Maronite Bishop Antoine Tarabay has praised the Abdallah and Sakr families for bringing many Christians back to the practice of their faith through their powerful public witness of their religion following the tragic deaths of their four children two years ago.
Siblings Antony, Angelina and Sienna Abdallah and their cousin Veronique Sakr were killed on 1 February 2020 when an out-of-control ute mounted the footpath while they were walking to a shop to buy ice cream, close to their home at Oatlands in Sydney’s north-west.
Bishop Tarabay has led an anniversary Mass for the two families at Our Lady of Lebanon Cathedral in Harris Park on 1 February.
“Through their testimony, many people have been brought back to the faith.”
The Mass occurred during i4Give Week- An Australian-wide initiative, which this year has united a diverse range of faith groups and community organisations, all drawing inspiration from the powerful example of the two families who have drawn upon their Christian faith to forgive a drunk and drugged driver who killed their children.
Bishop Tarabay said the Abdallah and Sakr families have been powerful public ambassadors for Christ through their actions.
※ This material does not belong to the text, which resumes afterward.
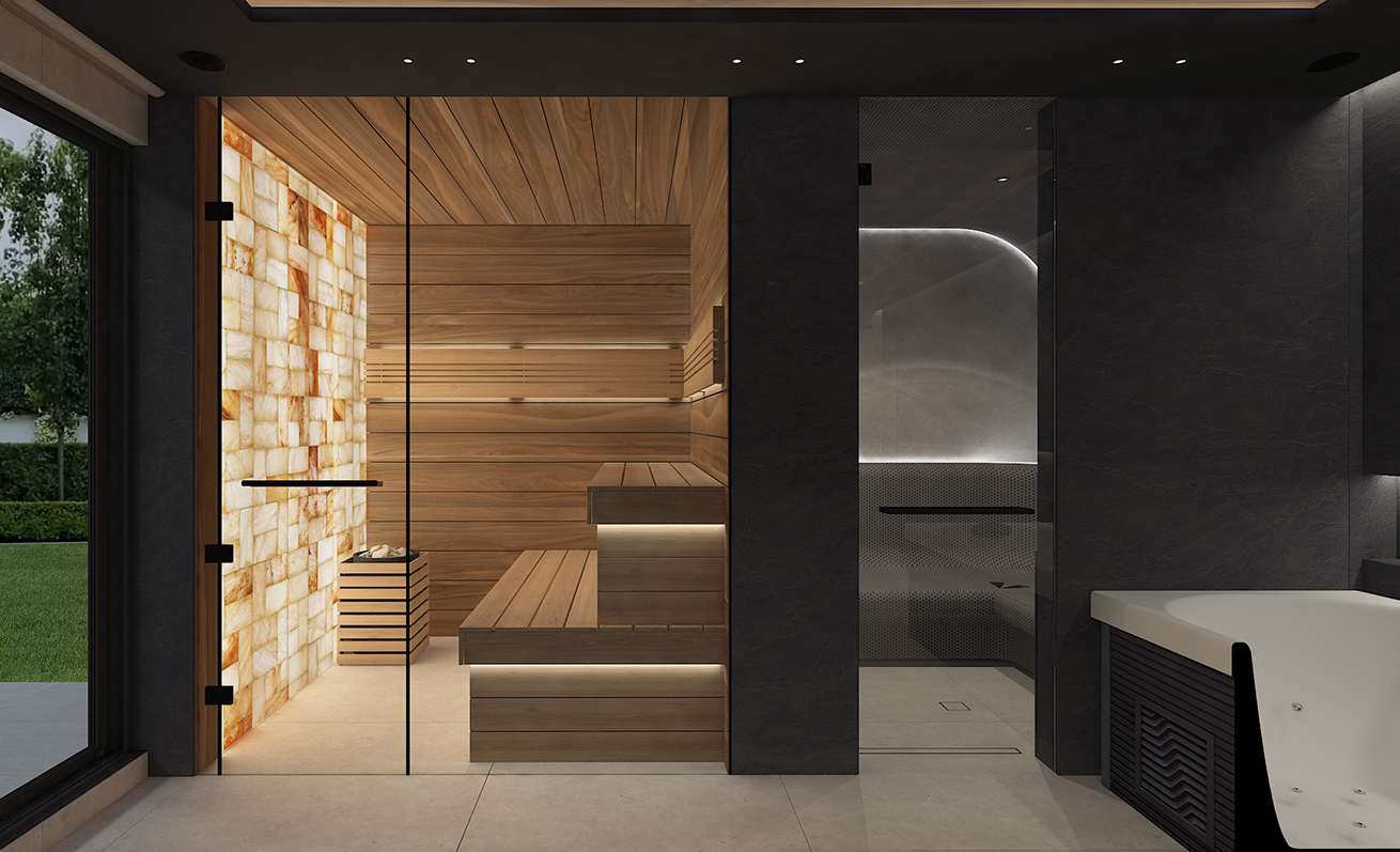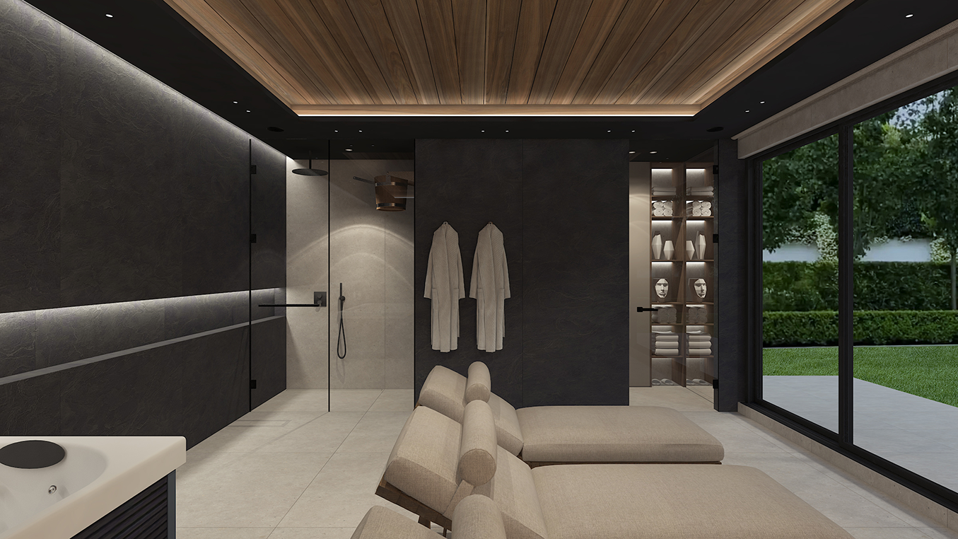 Проектиране на домашен СПА център със Сауна, Парна баня и ледена вана за възстановяване. Минималистичен дизайн с идея към едентичност, функционалност и начин за релаксиращи моменти със семейство и приятели.

In his homily, Bishop Tarabay compared the public testimony of Leila Abdallah and Bridget Sakr to that of the Good Samaritan woman at the well in John’s Gospel whose actions also helped bring others closer to Christ.
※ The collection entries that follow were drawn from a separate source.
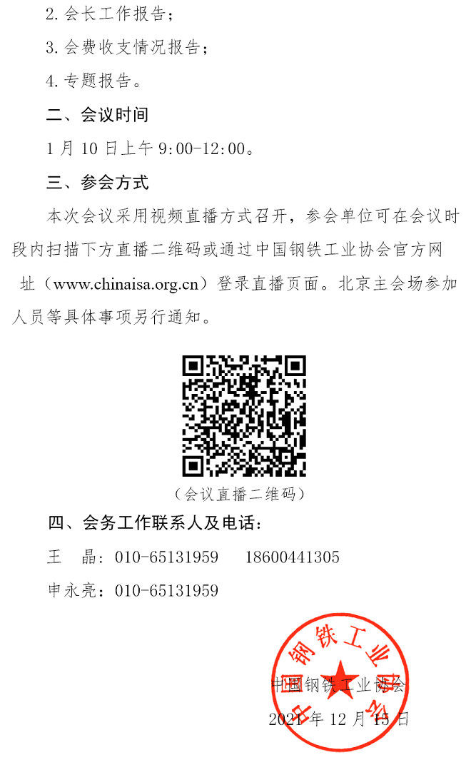 1月10日上午9:00,中zhong國guo鋼gang鐵tie工gong業ye協xie會hui第di六liu屆jie會hui員yuan大da會hui三san次ci會hui議yi即ji將jiang召zhao開kai。本ben次ci會hui議yi將jiang通tong過guo視shi頻pin的de形xing式shi召zhao開kai,北bei京jing設she主zhu會hui場chang。屆jie時shi,我wo們men將jiang通tong過guo鋼gang協xie微wei信xin公gong眾zhong號hao和he官guan方fang網wang站zhan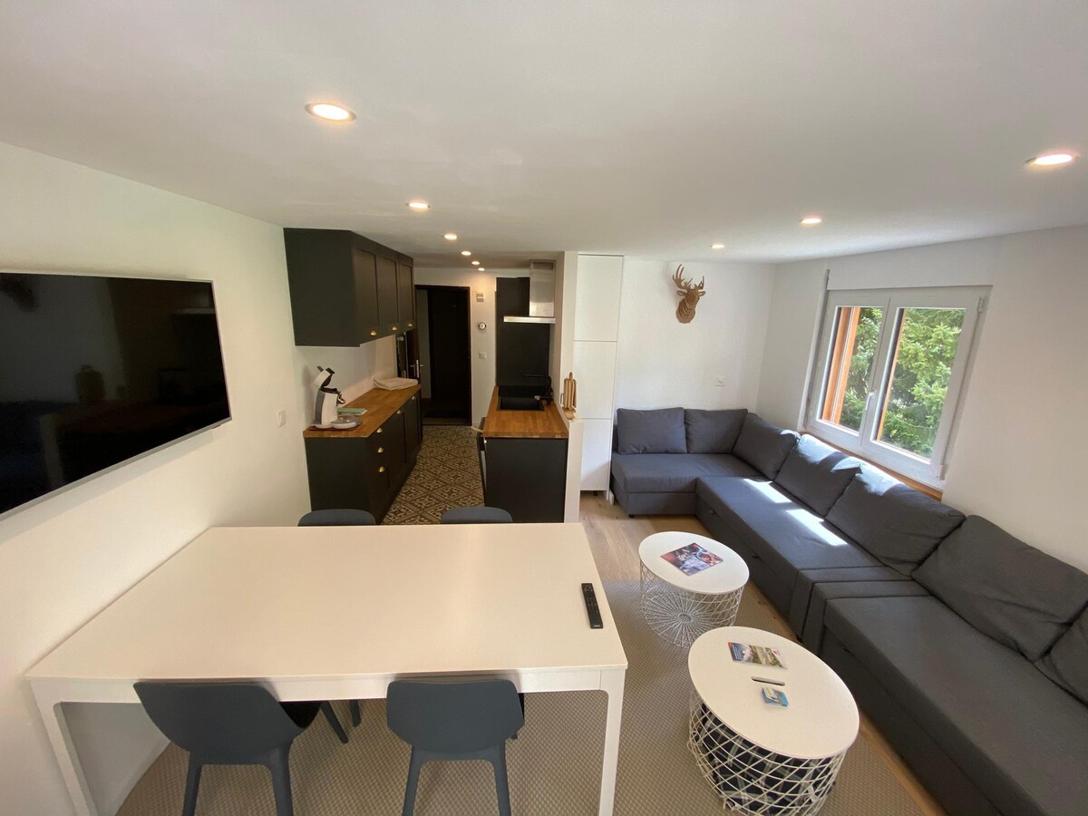 This charming 3.5-room apartment is located in the center of the village and is a true gem of Kandersteg - directly on the mountain river. The apartment offers two cozy bedrooms, a spacious living room and a bright, unique gallery. The semi-open kitchen is spacious and well-equipped, ideal for those who appreciate contact with the living area. The apartment's two balconies are particularly noteworthy. Both balconies offer an impressive panoramic view of the mountains.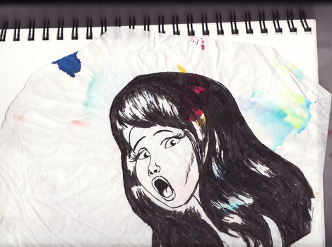 No idea where I got this design but I want to say someone saved it on my computer at some point. The background is a pretty turquoise and the face is semi-transparent black textured paint.Spray paint on acrylic art paper.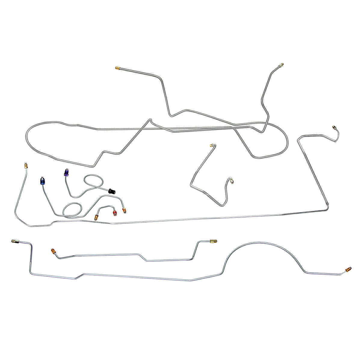 This preformed complete brake line kit will replace all the metal brake lines on your vehicle and includes the master cylinder lines, left front line and right front crossover line, intermediate lines, and rear axle lines/trailing arm lines.
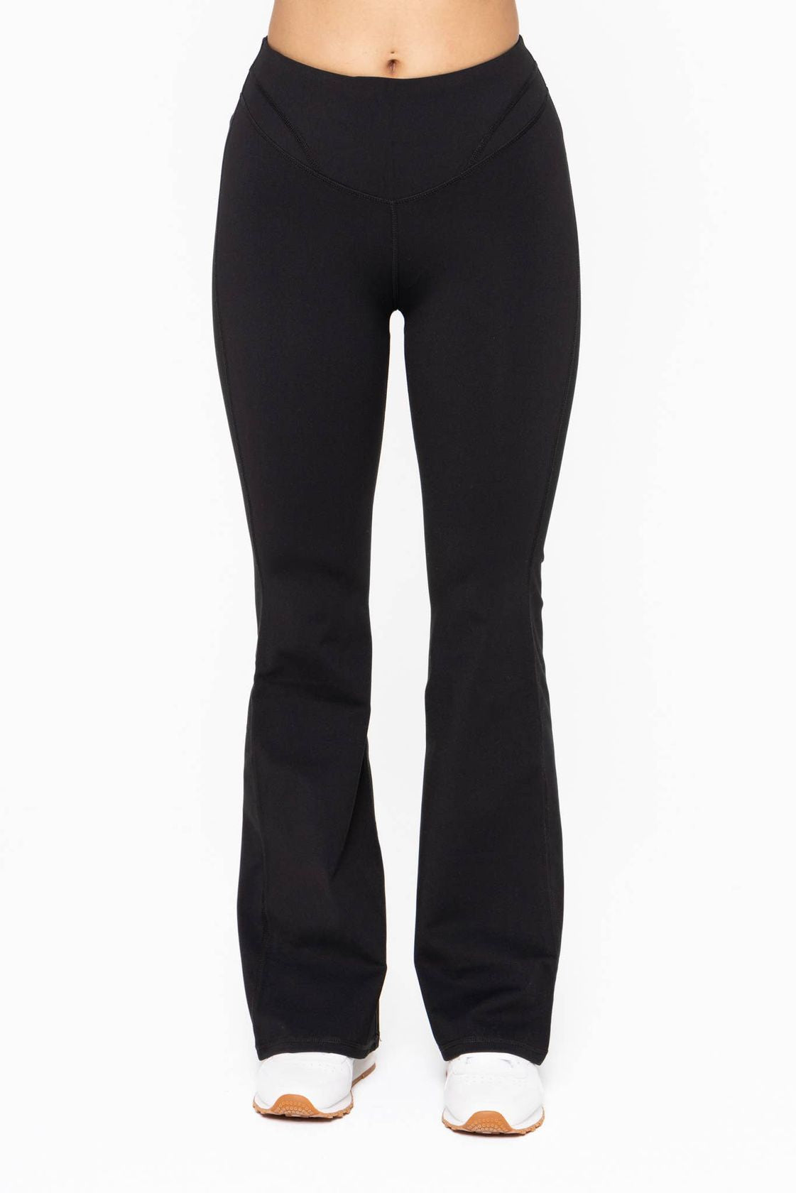 Step up your active wear game with our flare leggings. Crafted with a wide V-shape waistband both front and back, providing tummy control and accentuating your curves. Embrace comfort and style during your workouts. 75% recycle nylon 25% spandex Made in China

“Two very resilient Maronite women, Leila and Bridget, in the example of the Samaritan woman, through this unthinkable and immense tragedy have become witnesses to their faith and witnesses to Jesus Christ”, Bishop Tarabay said.
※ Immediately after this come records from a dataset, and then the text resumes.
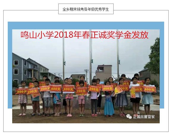 经过正诚奖学助学金监管委员会的统计、审核,对银宝湖乡2018年全乡期末统筹考试中鸣山小学各年级前三名的20名优秀学生、5名优秀教师,以及17名特殊困难学生,依据《正诚奖学助学金章程》分别发放了奖学助学金。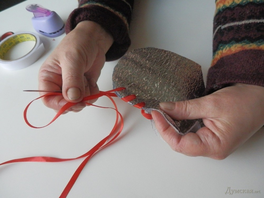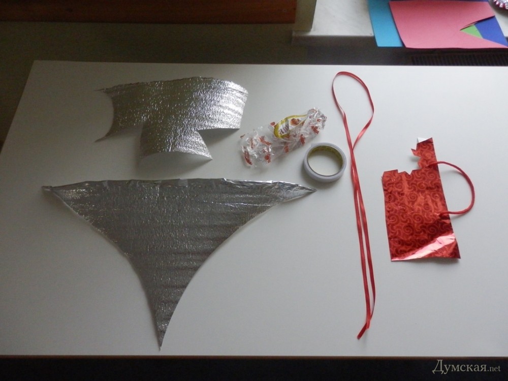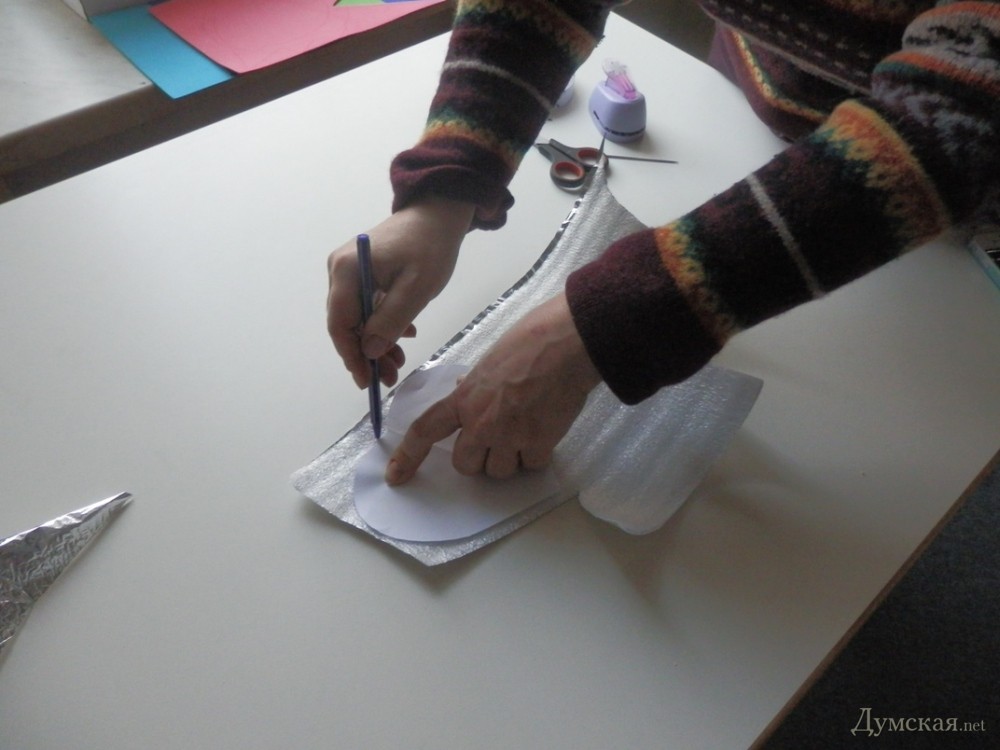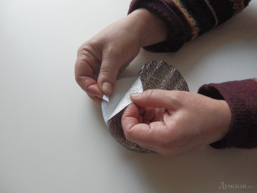 Итак, как уверяют одесские мастера по части хенд-мейда, украшение, сделанное своими руками, порой ничуть не хуже дорогущего магазинного разнообразия, а по энергетике и вовсе в сто раз лучше. Причем, сделать его можно не выходя из дома, и особо не тратясь на материалы. Игрушку из отходов предложила нам рукодельница Татьяна. Для этого нам понадобятся остатки фольгированного утеплителя и полиэтиленовые пакеты. В качестве инструментария пригодятся ножницы, цыганская игла, степлер и двухсторонний скотч.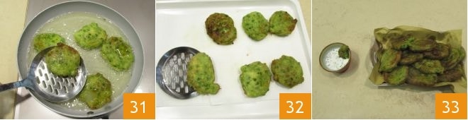 Girad los buñuelos después de un par de minutos para dorarlos también por el otro lado 31, luego escurridlos con la ayuda de una espumadera sobre una bandeja revestida de papel absorbente para escurrirlos y secarlos del exceso de aceite 32. ¡Servid vuestros buñuelos de guisantes, mejor si están bien calientes acompañados con salsa de yogur 33!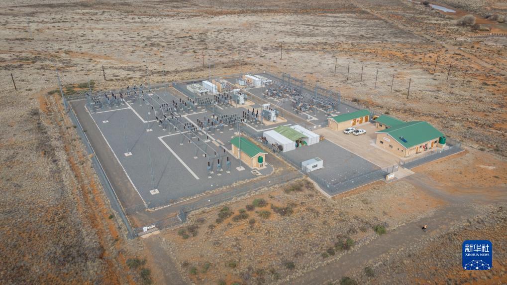 這是7月25日在南非北開(kāi)普省德阿鎮拍攝的龍源南非公司德阿風(fēng)電項目設備。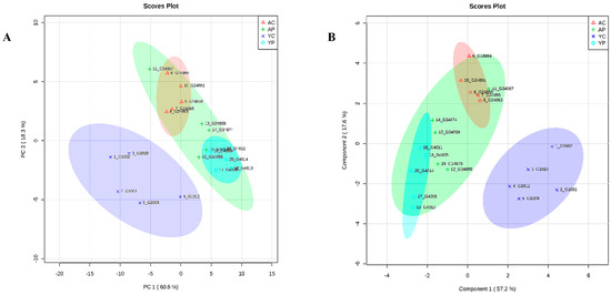 PCA plot (A) and PLS-DA plot (B) showing spatial division among all four groups. (YC) young control group, (YP) young probiotic group, (AC) aging control group, (AP) aging probiotic group.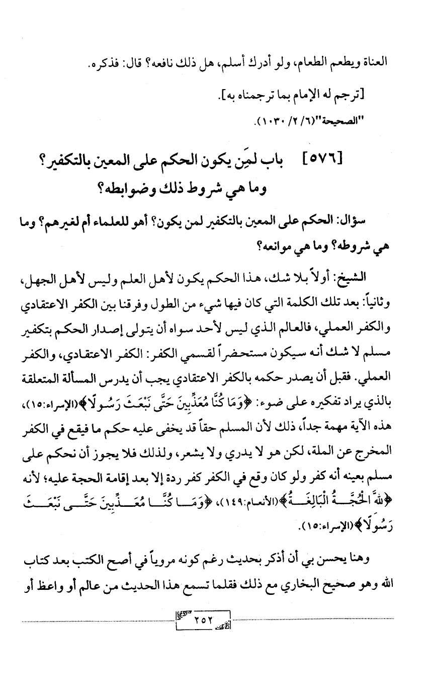 [576] باب لِمَن يكون الحكم على المعين بالتكفير؟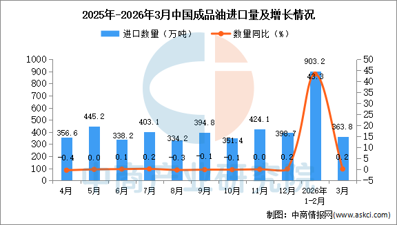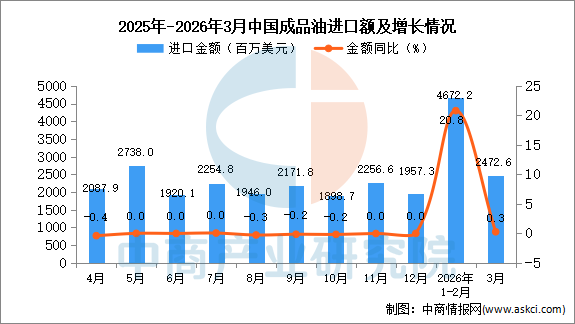 2026年3月中国成品油进口量及金额增长情况

“Through their testimony, many people have been brought back to the faith. The Abdallah and Sakr families did not want the death of their four children to be the end of the story.
They desired that their death should bring forward good fruits through their example of forgiveness and of hope in the Lord”.
“I don’t know, to be completely honest if I were in your shoes, Danny or Leila, whether I would have the capacity to do what you’ve done.”
“I know the journey since that accident is not the same for the Abdallah and Sakr families.
I have observed their tears and their faith and it is so great to see how much hope and love they have shown to all of us, especially by their firm belief in the promise made that the Lord will wipe every tear from your eyes.”
“May this be the legacy left by the tragic death of these children, that many Australians embraced the Christian faith because of their testimony”.
The Mass at Our Lady of Lebanon Cathedral was one of many services across Australia during i4Give Week, which also led Jewish and Muslim leaders to preach on the healing power of forgiveness to transform lives.
The President of the Rabbinical Council, Rabbi Yaakov Glasman devoted his sermon at his St Kilda synagogue last Saturday to the inspiring example of Danny and Leila Abdallah.
“I don’t know, to be completely honest if I were in your shoes, Danny or Leila, whether I would have the capacity to do what you’ve done”, Rabbi Glasman said.
“Out of grief and sorrow, rising out of great tragedy, Danny and Leila Abdallah have called on Australians to rediscover forgiveness.”
“The fact that you have forgiven the perpetrator of this terrible crime against your family to me is the ultimate sanctification of God’s name because you have been inspired by your religion and to do that makes you an inspiring ambassador of your faith”.
On i4Give Sunday, over 400 people gathered for an ecumenical service at King’s School in North Parramattta, the school attended by Antony Abdallah and his two brothers, Michael and Alex.
The service was led by the Anglican Archbishop of Sydney, Dr Kanishka Raffel with Bishop Antoine Tarabay representing the Maronite Church and Auxiliary Bishop Richard Umbers representing the Catholic Archdiocese of Sydney.
Among the special guests attending the service were Prime Minister Scott Morrison and his wife Jenny and NSW Premier Dominic Perrottet.
In his sermon at the service, Archbishop Raffel paid tribute to the Abdullah family, saying they had inspired countless Australians to embrace their message of forgiveness.
“Out of grief and sorrow, rising out of great tragedy, Danny and Leila Abdallah have called on Australians to rediscover forgiveness. Thank you for activating this national conversation about forgiveness and reminding us that forgiveness is a practice for everyone”.
“May this be the legacy left by the tragic death of these children, that many Australians embraced the Christian faith because of their testimony.”
“Forgiveness is rare, beautiful and powerful because we know that our culture has lost touch with the gift and the necessity of forgiveness, but which can indeed set us free from bitterness, from rage and despair that may otherwise consume us”, Archbishop Raffel said.
Leila Abdallah said her willingness to forgive the drunk and drugged driver responsible for the death of her three children was very much guided by her Christian faith.
“i4Give is led by God and the Holy Spirit. It’s much bigger than Danny and I. We know that forgiveness is at the core of our Christian faith. It’s what we live by every day”.